Box I contains 30 cards numbered 1 to 30 and Box II contains 20 cards numbered 31 to 50 . A box is selected at random and a card is drawn from it. The
number on the card is found to be a non-prime number.
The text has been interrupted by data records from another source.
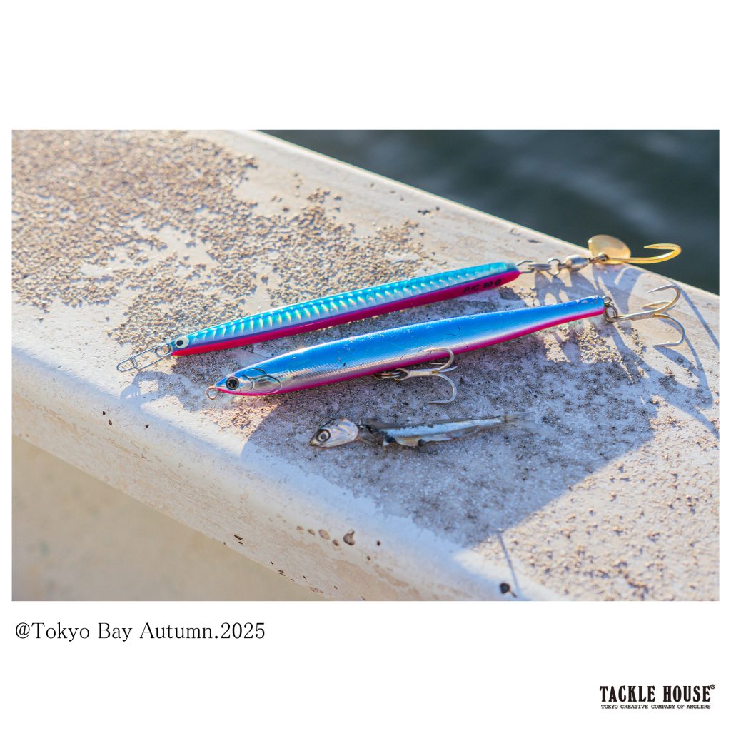 東京湾でも、水深25m以深や強風時にはブレードジグでなければ成立しない場面は少なからずありました。そんな時、実は【イーノパターン】検証の裏で試していたのが、【Pboyキャスティングジグ】。細長〜いフォルムが特徴のメタルジグで、サワラ向けにフック周りを調整してテストしていました。
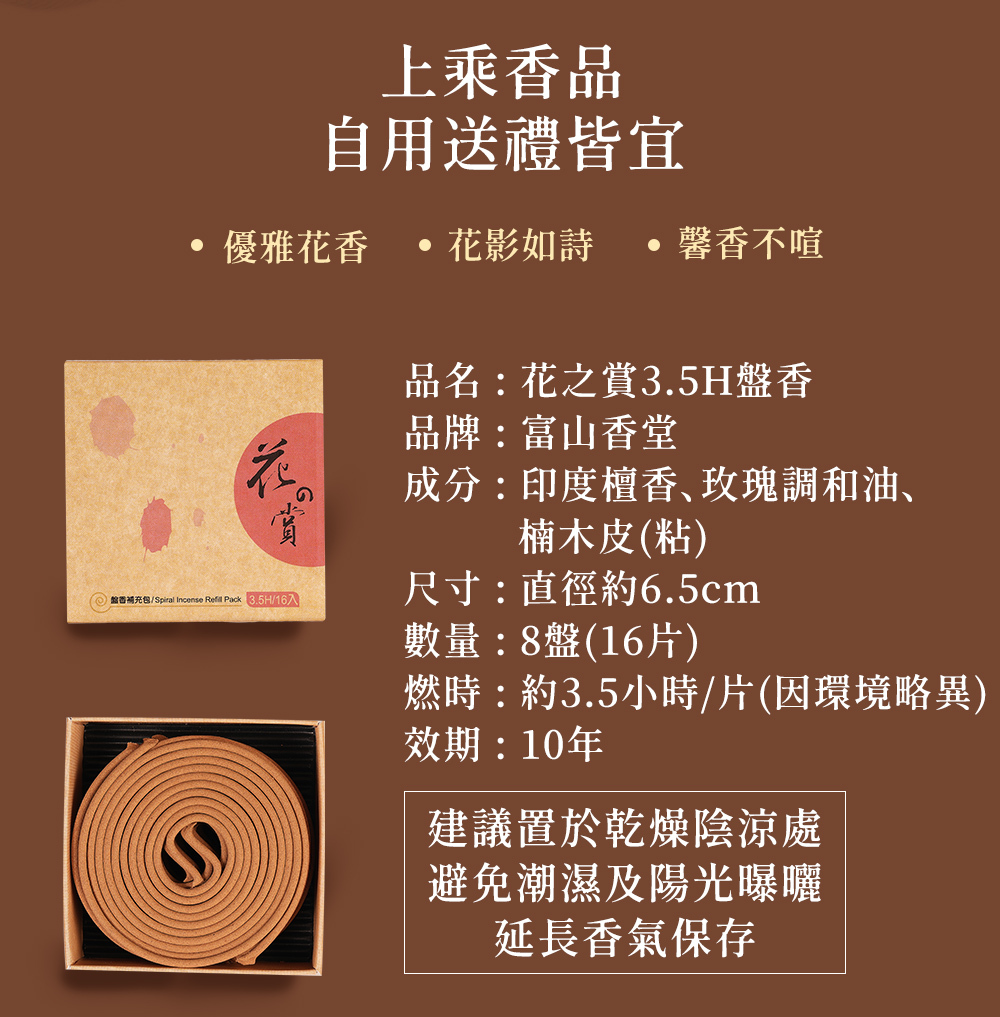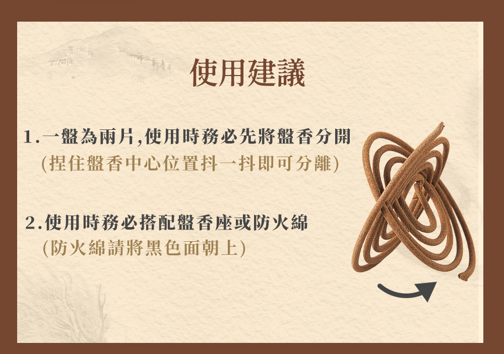 盤香燃燒時間 : 約3.5小時 (依環境風量而定)
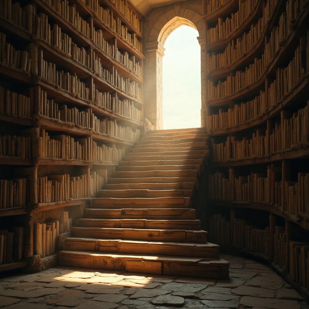 adventure, ancient, architecture, archway, atmosphere, books, culture, discovery, history, illuminated, knowledge, library, mystical, quiet, reading, shelves, stairs, stone, study, sunlight
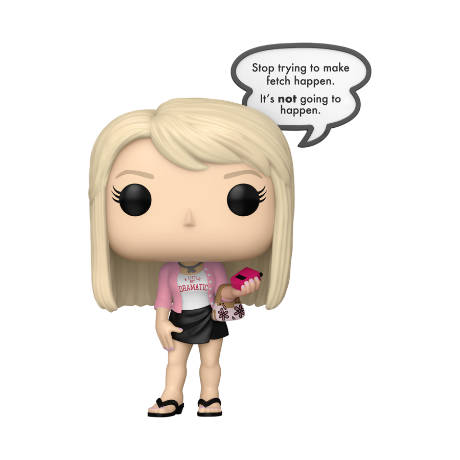 This POP! Sayings collectible features a speech bubble that reads, "Stop trying to make fetch happen. It's not going to happen."
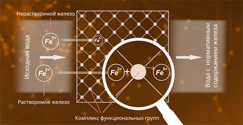 При прохождении воды через фильтр, функциональные группы захватывают и переводят железо в водонерастворимые соединения, которые механически отфильтровываются и остаются на поверхности фильтрующего элемента.
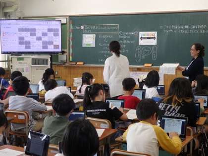 タブレットを使って学級の友だちと交流し、正しい情報の受け取り方や発信の仕方など考えることができました。
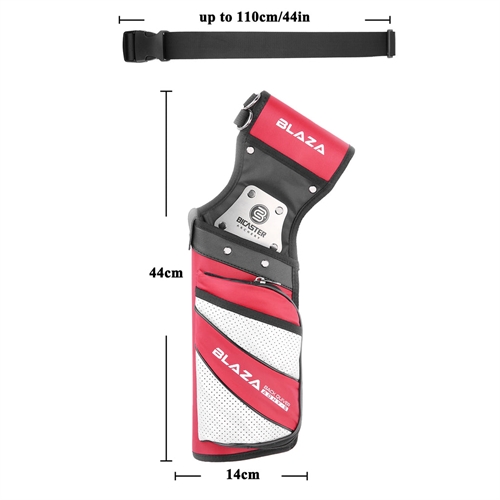 The Bicaster Archery Quiver Blaza provides ample storage and easy access to arrows, designed with durable high-quality fabric suitable for archers of all levels. Multiple compartments allow for efficient accessory organization, and the adjustable belt ensures a comfortable fit. A stainless steel paddle prevents arrow penetration, enhancing durability.
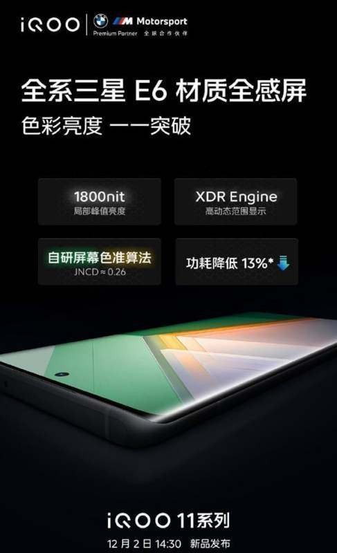 iQOO官方宣布,iQOO 11全系將標配全球首發的2K 144Hz E6全感屏。
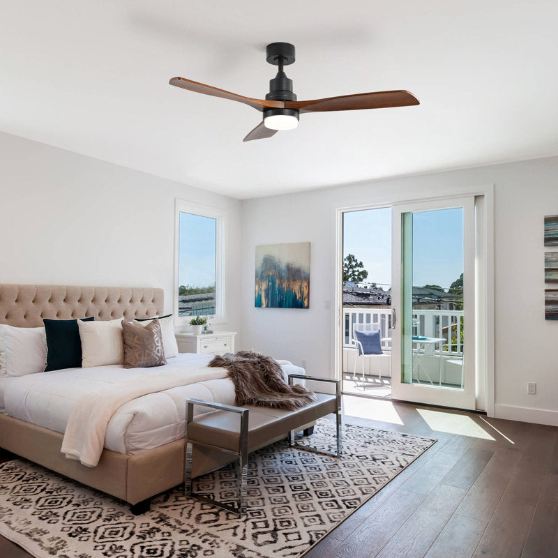 This 52-inch ceiling fan is both practical and stylish, enhancing any interior living space. Combining lighting and a fan in one, this fan features bidirectional rotation to meet your various needs year-round. The remote control makes it easy to operate the ceiling fan. The ultra-quiet motor can be adjusted to six speeds without causing excessive noise to disturb your family. The integrated LED light and wooden blades perfectly embody the industrial and retro theme. Let this modern 3-blade ceiling fan bring you ultimate comfort and illumination.
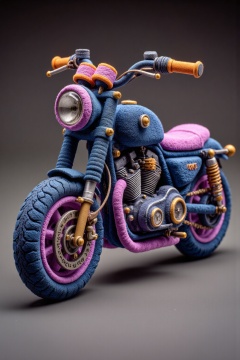 beijihui,a miniature model of a blue and pink motorcycle is displayed on a gray surface. The motorcycle is made of a soft, fuzzy material, with a blue body and pink accents. The handlebars are adorned with orange knobs, adding a pop of color to the scene. The front wheel of the motorcycle is adorned with a gold chain, while the rear wheel is adorned in a purplish hue. The background is a solid gray, providing a stark contrast to the motorcycle.
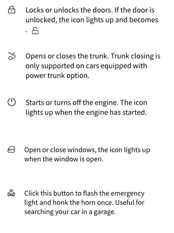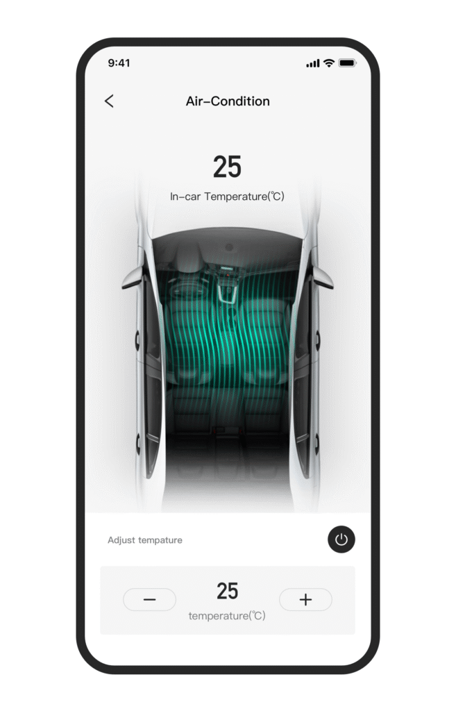 With the air conditioning control feature, you can remotely turn on the air conditioning and adjust seat ventilation and heating functions.
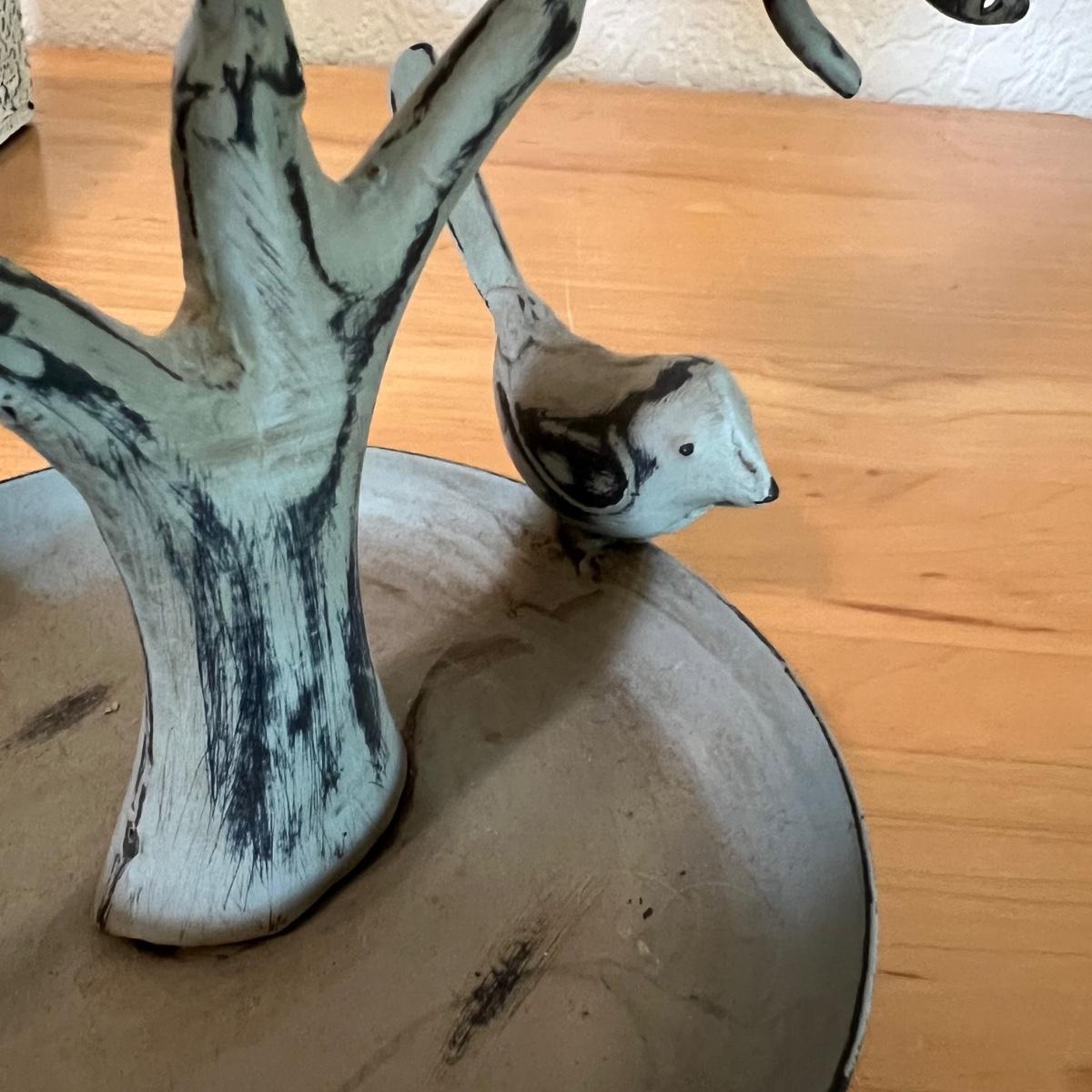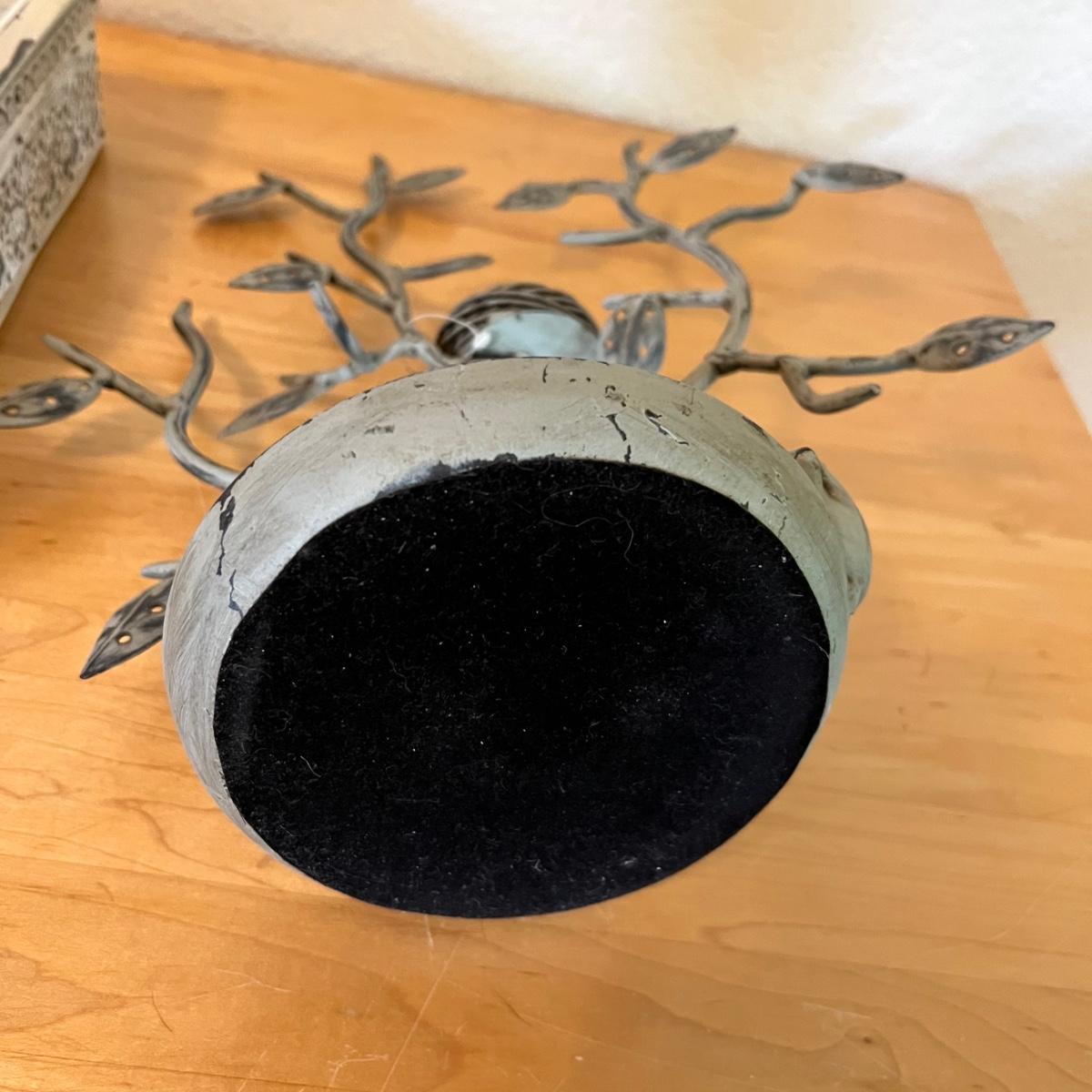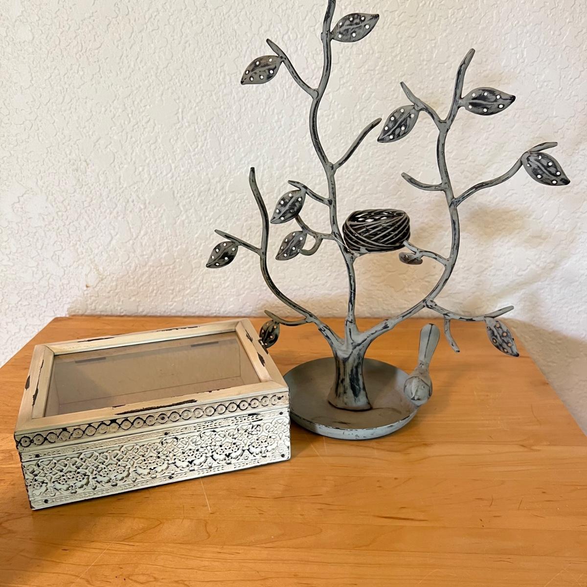 These two distressed metal items includes a cream colored metal trinket box with glass top and a bird themed jewelry stand/holder that measures 5.5” D x 15” H.
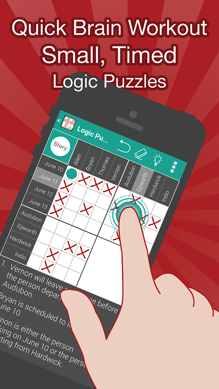 A logic grid puzzle with a twist! Small logic problems use the same principles as larger puzzles, but are faster to complete and work well on phone screens. One free puzzle every day, or buy a volume of puzzles if you can't wait! No ads, no popups, no nags, no interruptions.
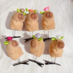 跨境爆款卡皮巴拉发夹立体弹簧卖萌头饰儿童卡通植绒配饰边夹批发
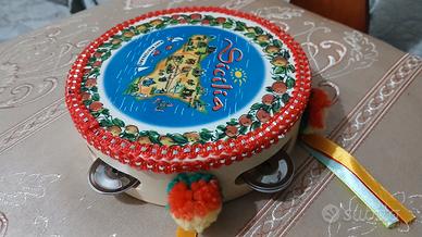 Questo specifico tamburello è realizzato in legno, decorato con una mappa della Sicilia che include le principali città e un bordo con passamaneria.
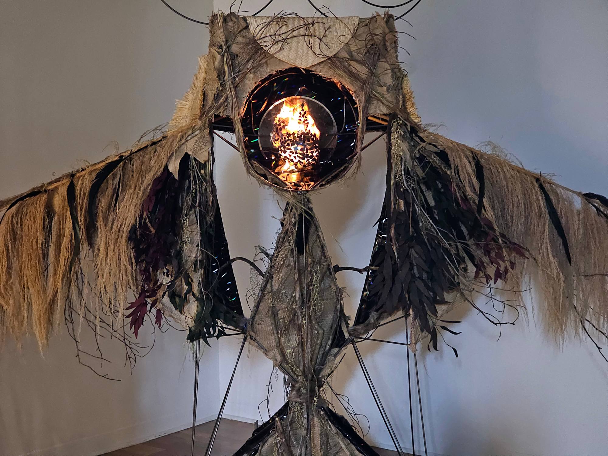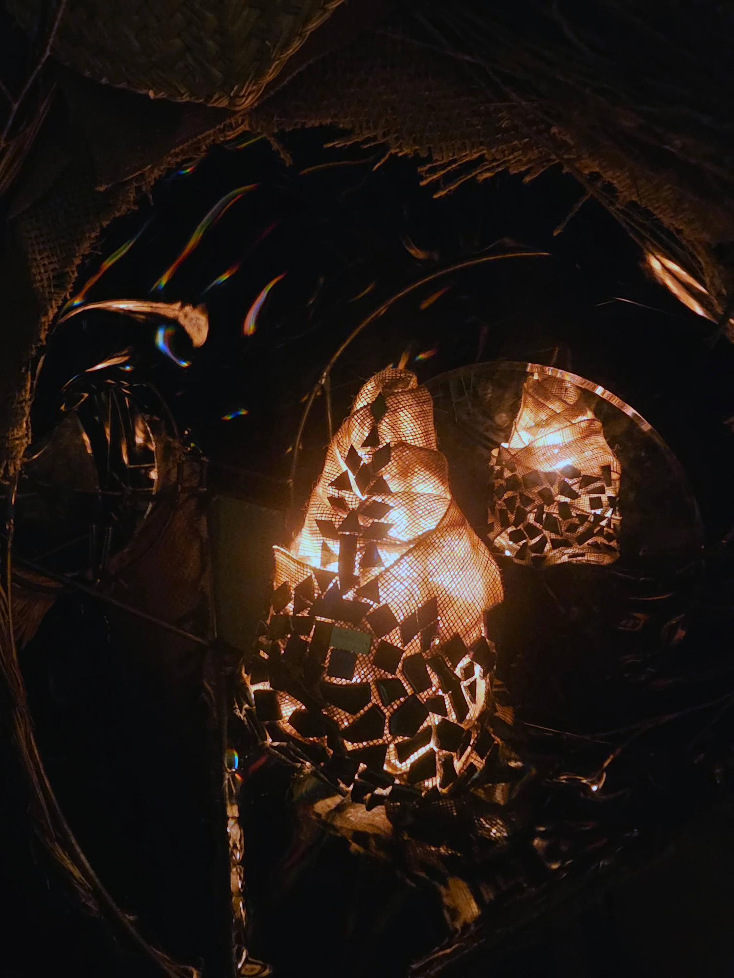 This piece is a totem to the celtic goddess, The Morrigan. She is a death goddess who deals with lookibng into the deepest, darkest places within yourself in order to do the hard shadow work and shine light on what lays hidden inside. Through this process, the ignored, rejected parts of ourselves are tranmuted, understood, and integrated into our being. Using imagery from her myths, I created a cave of mirrors at eye level to draw the viewer into the reflection of self. Centered within the cave is a form that serves as both the head of a crow and as a glowing heart, illuminating all the dark places within the cave of reflections.
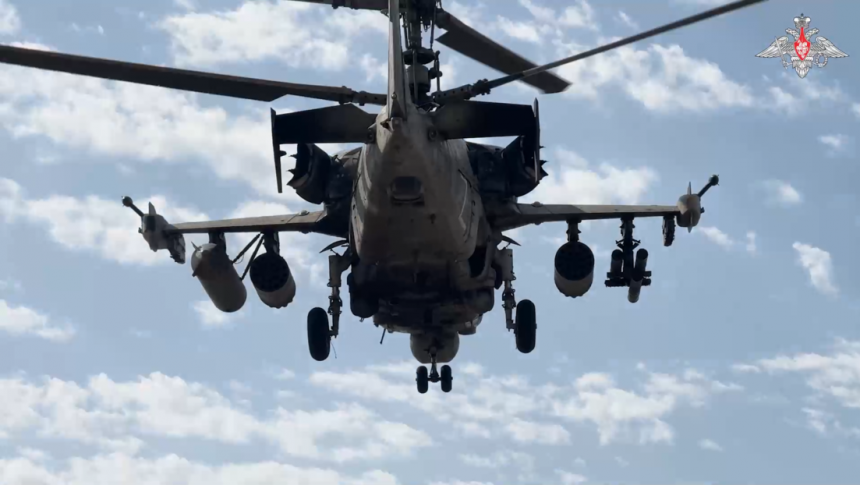 La tripulación de un helicóptero de ataque Ka-52M de las Fuerzas Armadas rusas destruyó vehículos blindados y soldados del régimen de Kiev, comunicó el Ministerio de Defensa de Rusia, publicando el video de la operación.
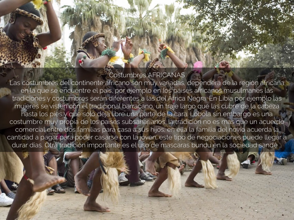 Las costumbres del continente africano son muy variadas, dependerá de la región africana en la que se encuentre el país, por ejemplo en los países africanos musulmanes las tradiciones y costumbres serán diferentes a las del África Negra. En Libia por ejemplo las mujeres se visten con el tradicional barracano, un traje largo que las cubre de la cabeza hasta los pies y que solo deja libre una parte de la cara. Lobola sin embargo es una costumbre muy propia de los países subsaharianos, la tradición no es más que un acuerdo comercial entre dos familias para casa a sus hijos, en ella la familia del novio acuerda la cantidad a pagar para poder casarse con la joven, este tipo de negociaciones puede llegar a durar días. Otra tradición importante es el uso de mascaras bundu en la sociedad sandé de Sierra Leona, la cual consta en utilizar mascaras de madera pulida, para representar lo más puro de la belleza femenina.
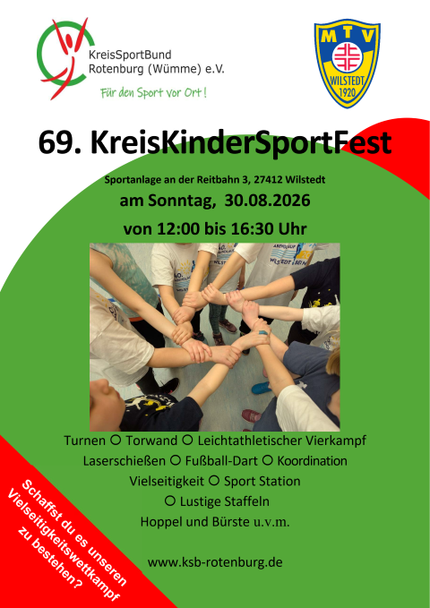 12:00 - 16:30 69. KreisKinderSportFest 30. August / 12:00 - 16:30 69. KreisKinderSportFest des KSB Rotenburg auf dem Sportgelände des MTV Wilstedt am 30.08.2026: Turnen, Torwand, Vierkampf, Laserschießen, Fußball‑Dart, Koordination, lustige Staffeln, HoppelBürste u.v.m. Anmeldung für Rhader Kinder z.B. über den TSV Rhade.…

The probability that the card was drawn from Box $I$ is :
Correct Option: 1
Let $\mathrm{B}_{1}$ be the event where Box-I is selected. $\& \mathrm{~B}_{2} \rightarrow$ where box-II selected
$\mathrm{P}\left(\mathrm{B}_{1}\right)=\mathrm{P}\left(\mathrm{B}_{2}\right)=\frac{1}{2}$
Let $\mathrm{E}$ be the event where selected card is non prime.
For $\mathrm{B}_{1}$ : Prime numbers :
$\{2,3,5,7,11,13,17,19,23,29\}$
For $\mathrm{B}_{2}$ : Prime numbers :
$\{31,37,41,43,47\}$
$\mathrm{P}(\mathrm{E})=\mathrm{P}\left(\mathrm{B}_{1}\right) \times \mathrm{P}\left(\frac{\mathrm{E}}{\mathrm{B}_{1}}\right)+\mathrm{P}\left(\mathrm{B}_{2}\right) \mathrm{P}\left(\frac{\mathrm{E}}{\mathrm{B}_{2}}\right)$
$=\frac{1}{2} \times \frac{20}{30}+\frac{1}{2} \times \frac{15}{20}$
Required probability :
$P\left(\frac{B_{1}}{E}\right)=\frac{\frac{1}{2} \times \frac{20}{30}}{\frac{1}{2} \times \frac{20}{30}+\frac{1}{2} \times \frac{15}{20}}=\frac{\frac{2}{3}}{\frac{2}{3}+\frac{3}{4}}=\frac{8}{17}$